## Activity:
Copy out exactly the lines from the one containing "โมดริช ตำนานของเรอัล มาดริด" through the end of the records, and no pictures.

## Data under study:
#####

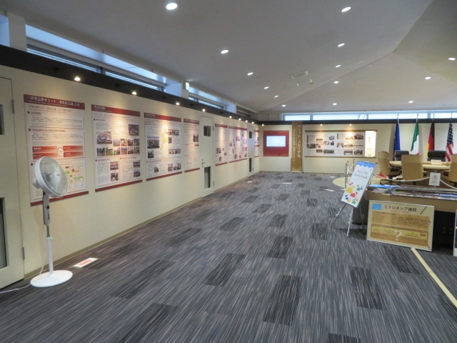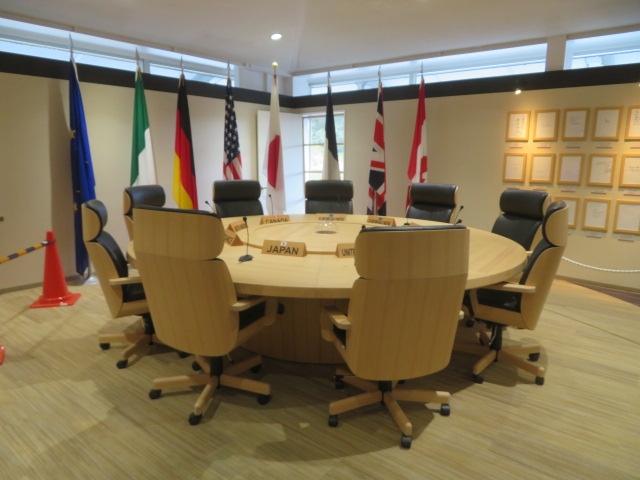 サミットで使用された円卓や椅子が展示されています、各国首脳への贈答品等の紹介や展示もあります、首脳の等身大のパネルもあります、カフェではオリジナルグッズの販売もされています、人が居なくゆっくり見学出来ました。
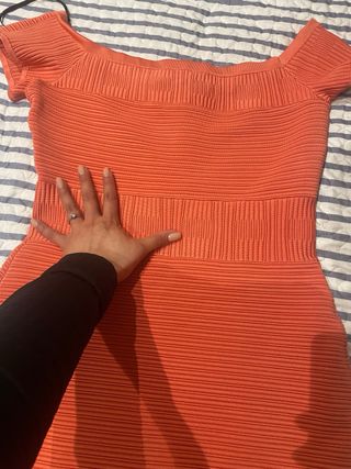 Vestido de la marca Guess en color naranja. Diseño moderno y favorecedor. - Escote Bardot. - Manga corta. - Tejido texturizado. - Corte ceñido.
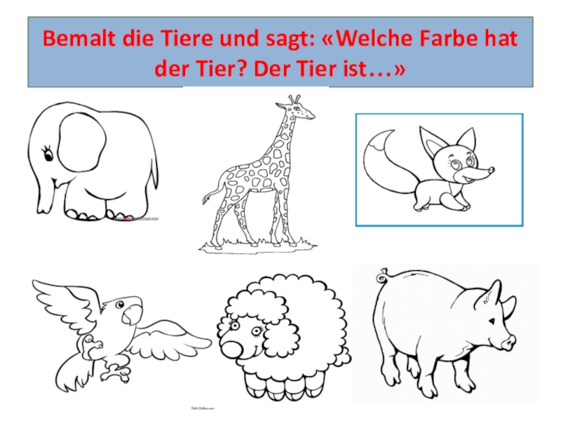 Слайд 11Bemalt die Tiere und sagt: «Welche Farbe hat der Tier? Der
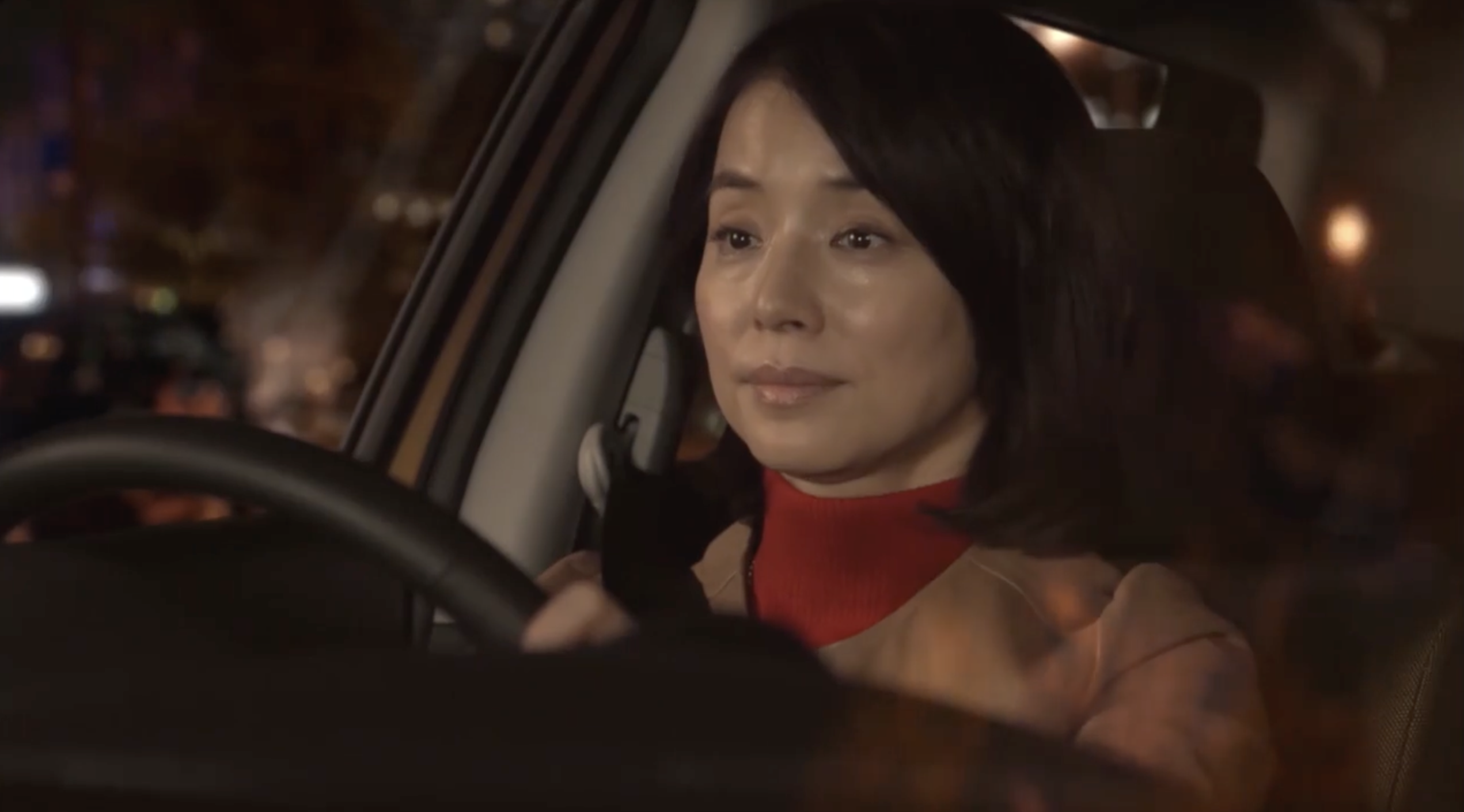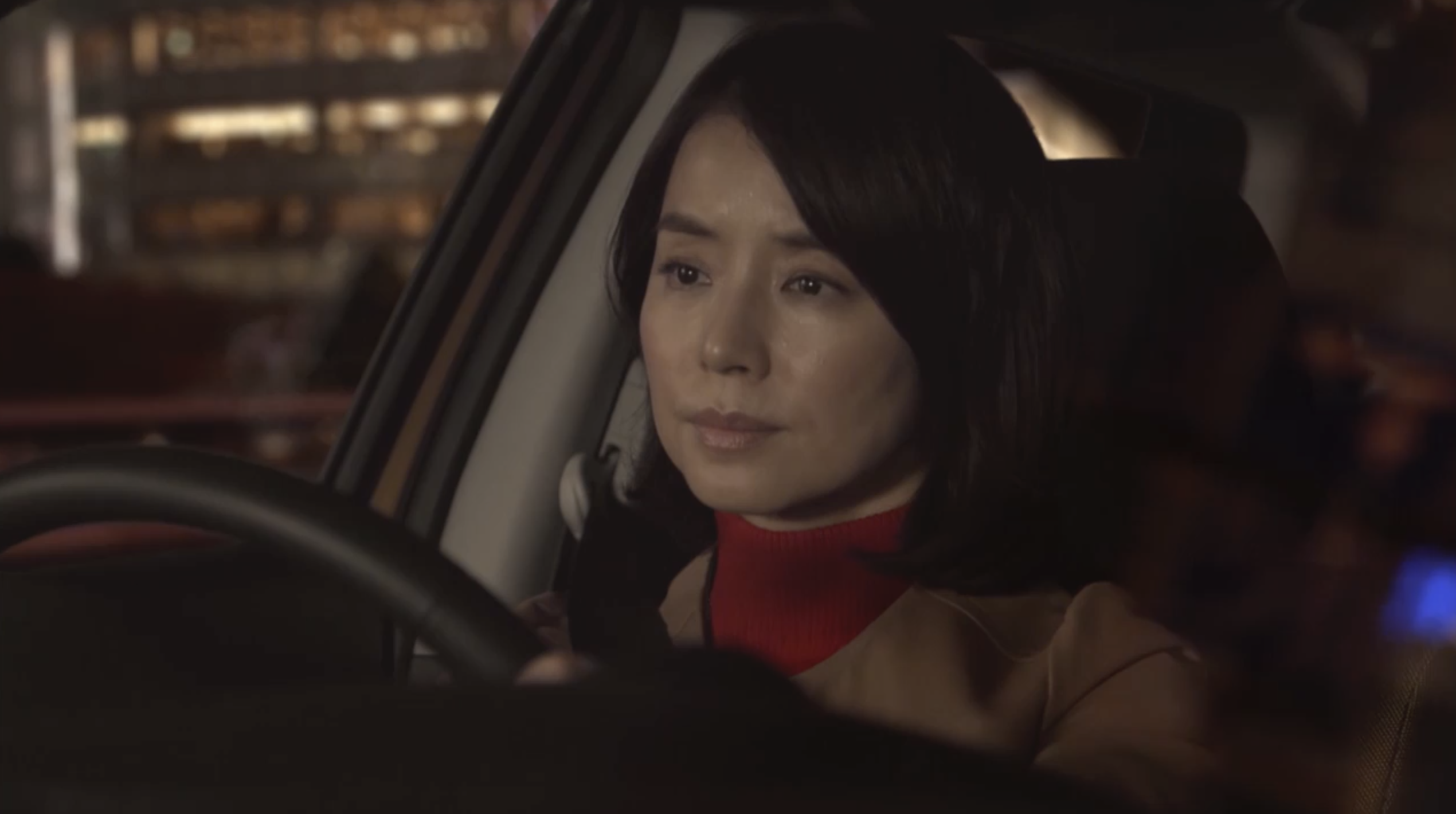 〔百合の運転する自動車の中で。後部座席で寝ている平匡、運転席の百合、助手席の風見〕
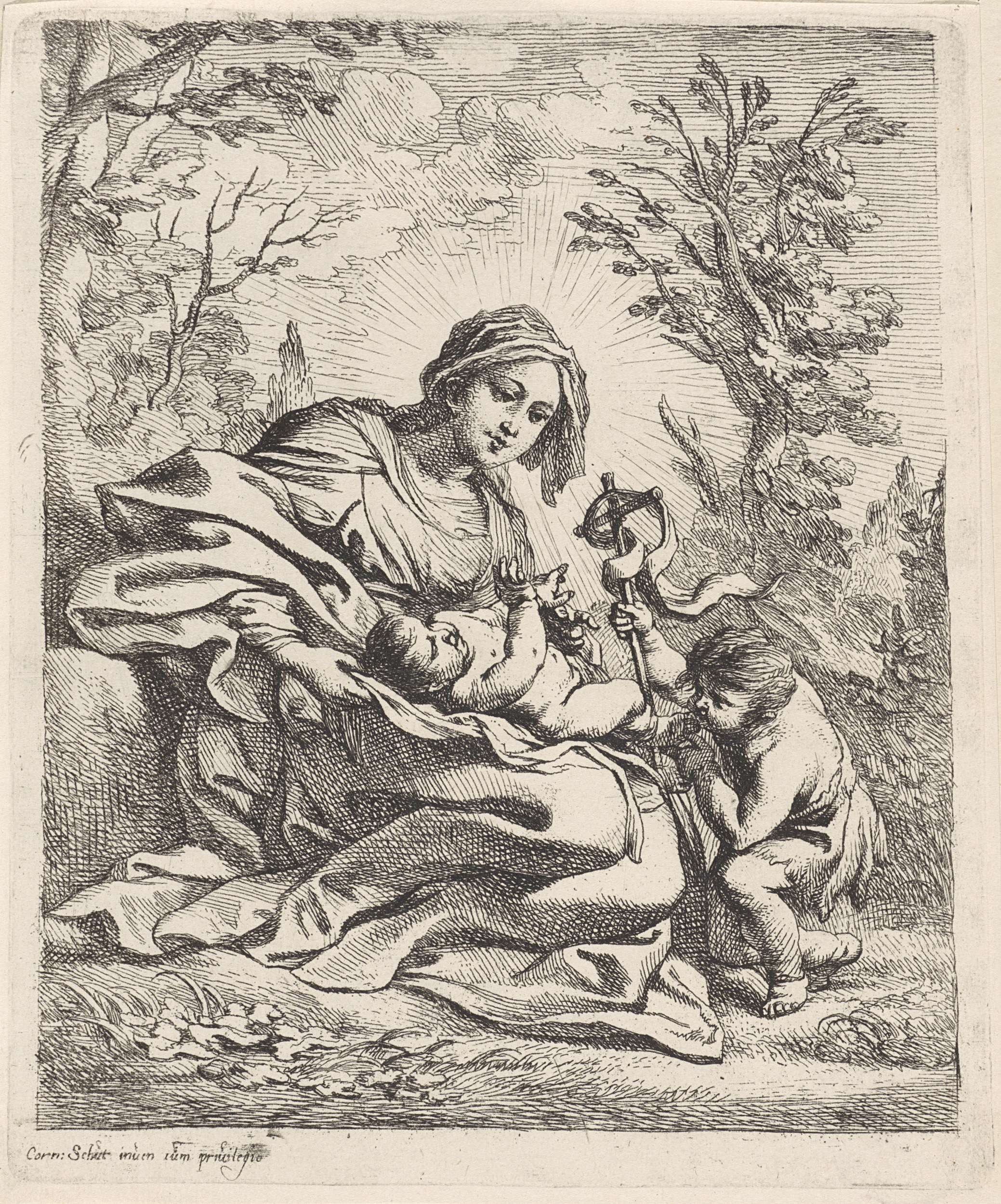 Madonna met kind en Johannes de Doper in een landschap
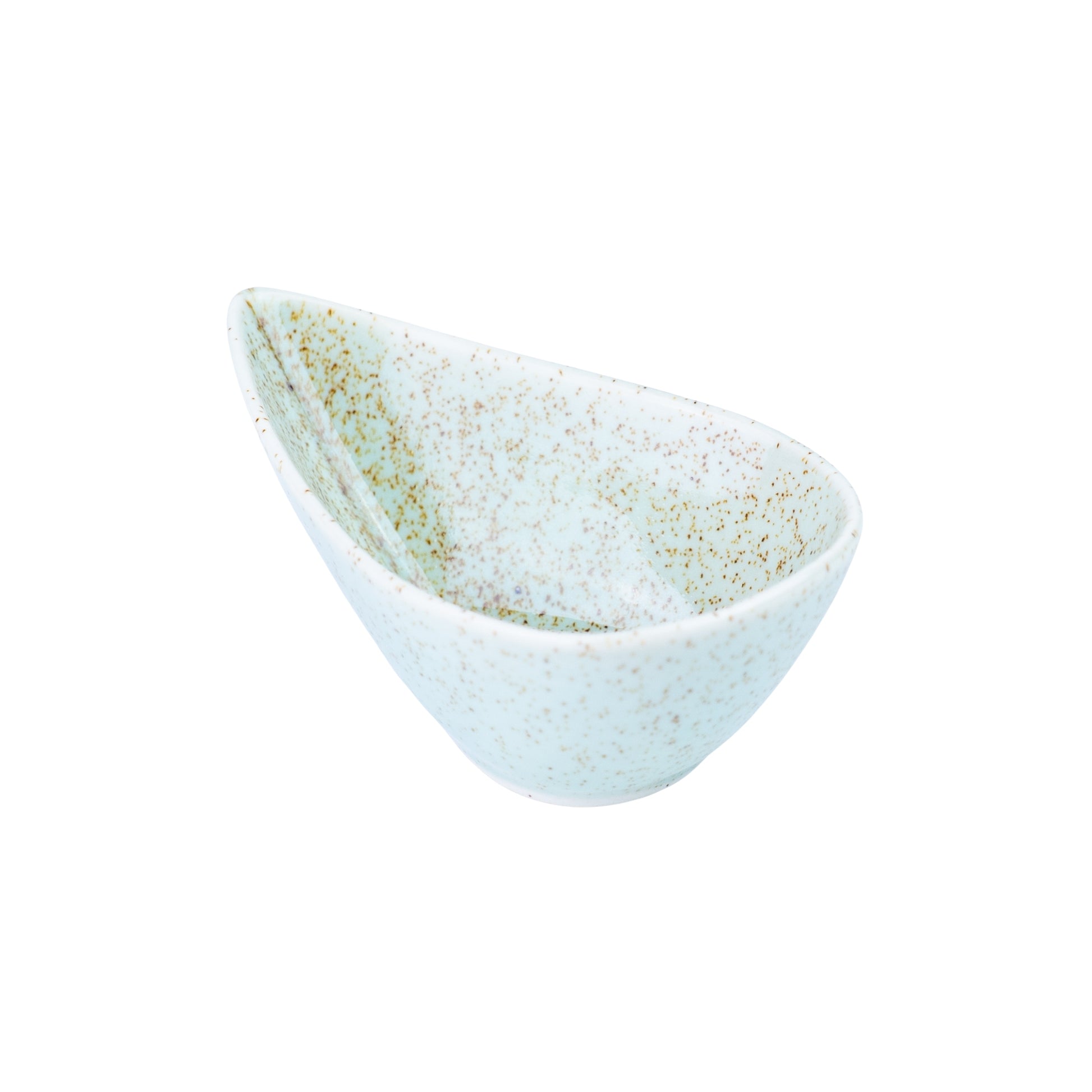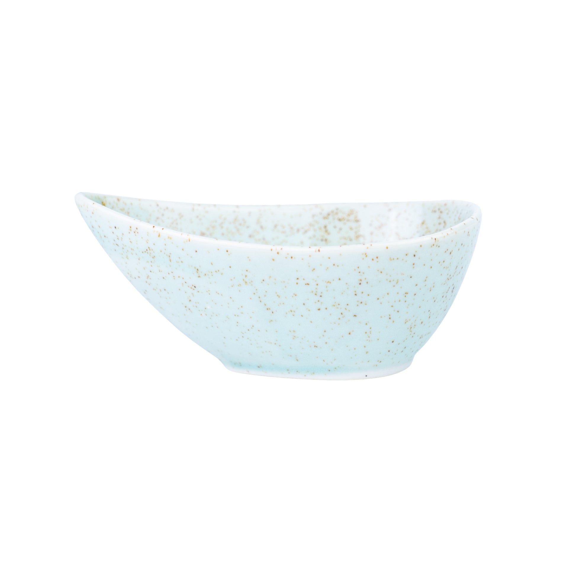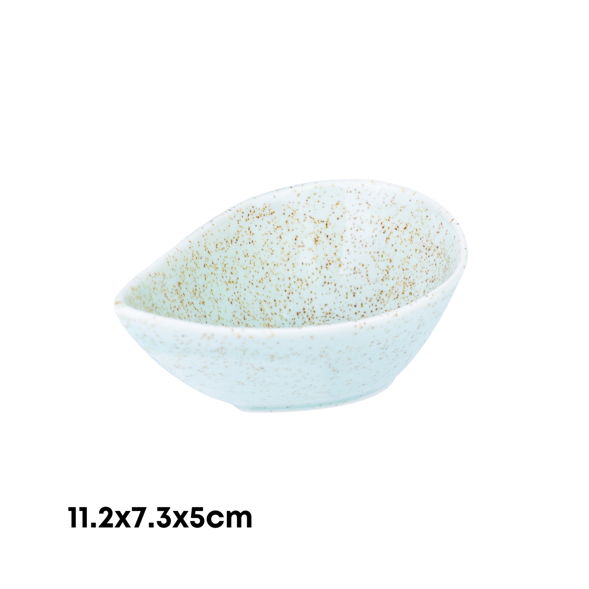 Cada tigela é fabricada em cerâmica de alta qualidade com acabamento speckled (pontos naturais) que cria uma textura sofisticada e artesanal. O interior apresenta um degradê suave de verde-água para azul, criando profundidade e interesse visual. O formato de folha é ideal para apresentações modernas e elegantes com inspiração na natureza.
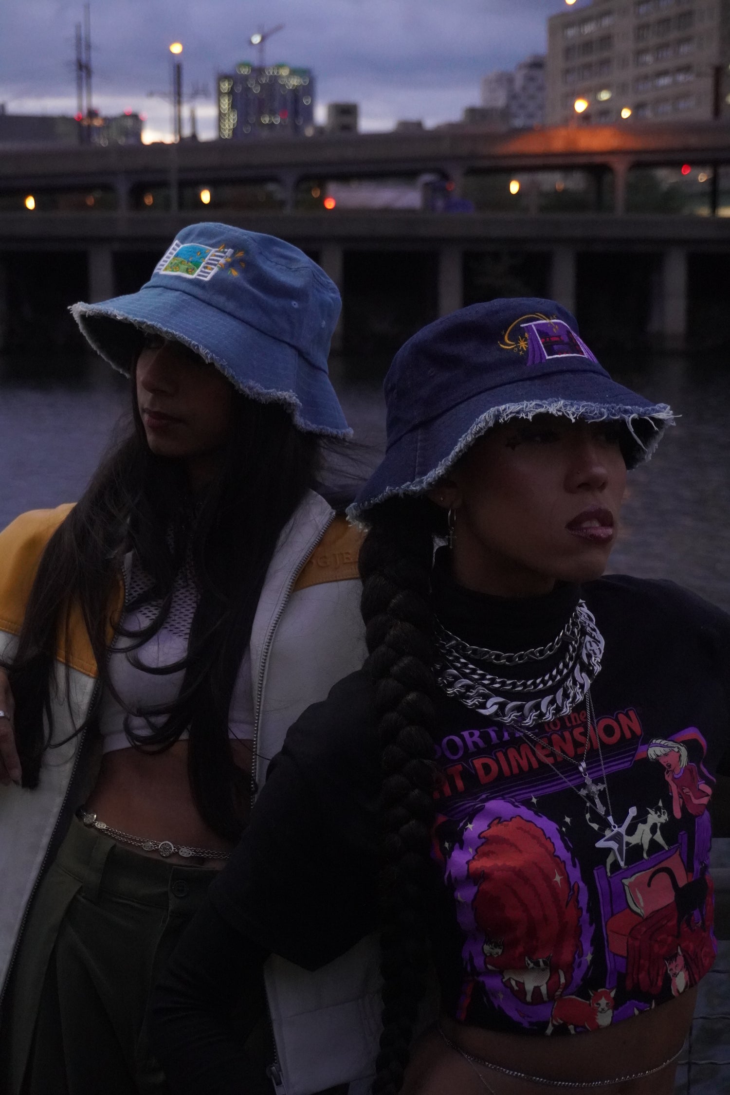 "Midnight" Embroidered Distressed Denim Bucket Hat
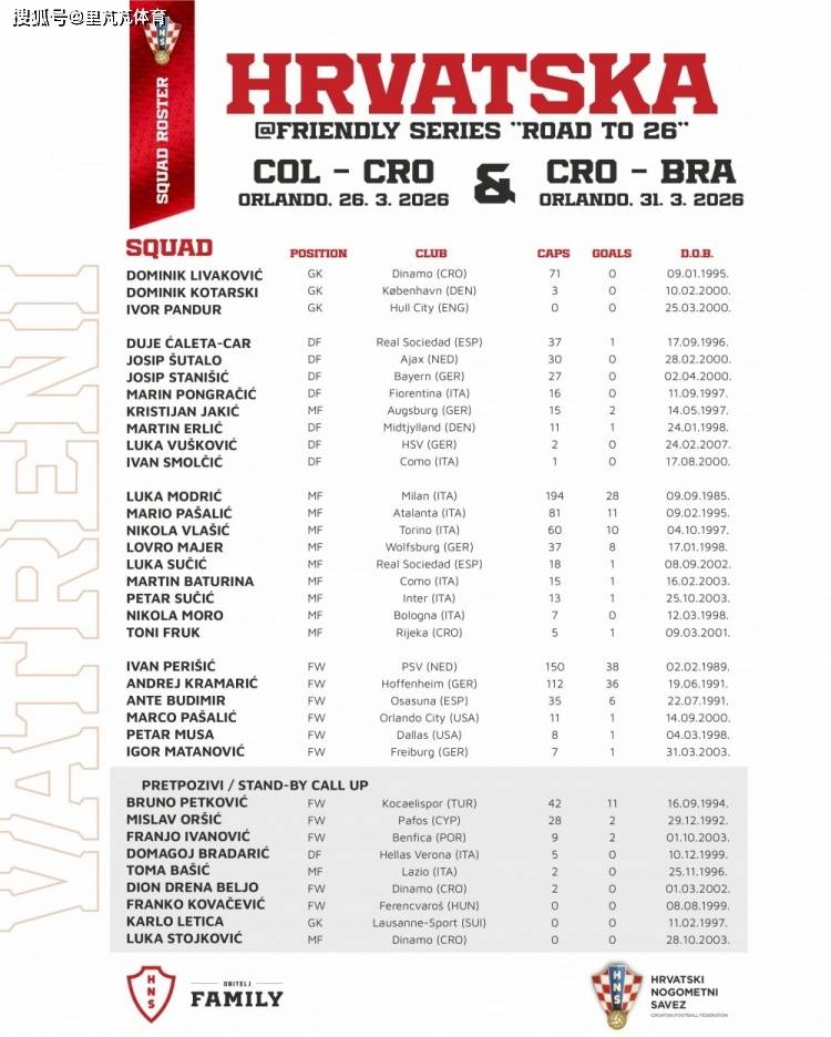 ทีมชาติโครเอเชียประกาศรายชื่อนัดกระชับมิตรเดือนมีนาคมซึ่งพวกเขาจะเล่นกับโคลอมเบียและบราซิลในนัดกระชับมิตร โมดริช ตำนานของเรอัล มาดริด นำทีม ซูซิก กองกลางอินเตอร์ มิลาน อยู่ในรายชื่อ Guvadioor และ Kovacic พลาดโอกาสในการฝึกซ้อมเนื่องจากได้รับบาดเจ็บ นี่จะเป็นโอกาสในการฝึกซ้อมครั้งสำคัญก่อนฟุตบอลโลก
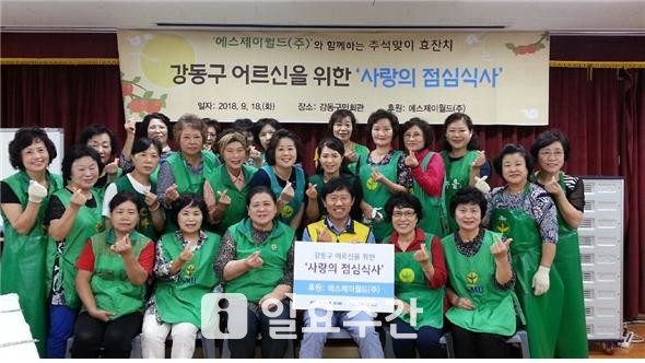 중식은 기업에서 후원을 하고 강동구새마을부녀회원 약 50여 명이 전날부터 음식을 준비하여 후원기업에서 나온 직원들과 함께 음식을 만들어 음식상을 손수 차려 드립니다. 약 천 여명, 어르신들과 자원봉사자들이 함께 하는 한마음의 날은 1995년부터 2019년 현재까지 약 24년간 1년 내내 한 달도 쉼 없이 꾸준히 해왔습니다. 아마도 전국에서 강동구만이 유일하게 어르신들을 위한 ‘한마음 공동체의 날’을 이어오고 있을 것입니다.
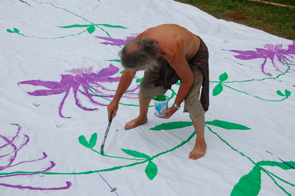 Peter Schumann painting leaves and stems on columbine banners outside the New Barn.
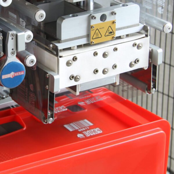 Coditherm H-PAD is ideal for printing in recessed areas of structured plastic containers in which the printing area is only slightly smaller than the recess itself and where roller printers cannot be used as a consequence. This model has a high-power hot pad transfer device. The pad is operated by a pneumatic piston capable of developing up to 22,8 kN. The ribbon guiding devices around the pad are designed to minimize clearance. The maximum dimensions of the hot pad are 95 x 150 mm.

#####

## Your response:
 ทีมชาติโครเอเชียประกาศรายชื่อนัดกระชับมิตรเดือนมีนาคมซึ่งพวกเขาจะเล่นกับโคลอมเบียและบราซิลในนัดกระชับมิตร โมดริช ตำนานของเรอัล มาดริด นำทีม ซูซิก กองกลางอินเตอร์ มิลาน อยู่ในรายชื่อ Guvadioor และ Kovacic พลาดโอกาสในการฝึกซ้อมเนื่องจากได้รับบาดเจ็บ นี่จะเป็นโอกาสในการฝึกซ้อมครั้งสำคัญก่อนฟุตบอลโลก
 중식은 기업에서 후원을 하고 강동구새마을부녀회원 약 50여 명이 전날부터 음식을 준비하여 후원기업에서 나온 직원들과 함께 음식을 만들어 음식상을 손수 차려 드립니다. 약 천 여명, 어르신들과 자원봉사자들이 함께 하는 한마음의 날은 1995년부터 2019년 현재까지 약 24년간 1년 내내 한 달도 쉼 없이 꾸준히 해왔습니다. 아마도 전국에서 강동구만이 유일하게 어르신들을 위한 ‘한마음 공동체의 날’을 이어오고 있을 것입니다.
 Peter Schumann painting leaves and stems on columbine banners outside the New Barn.
 Coditherm H-PAD is ideal for printing in recessed areas of structured plastic containers in which the printing area is only slightly smaller than the recess itself and where roller printers cannot be used as a consequence. This model has a high-power hot pad transfer device. The pad is operated by a pneumatic piston capable of developing up to 22,8 kN. The ribbon guiding devices around the pad are designed to minimize clearance. The maximum dimensions of the hot pad are 95 x 150 mm.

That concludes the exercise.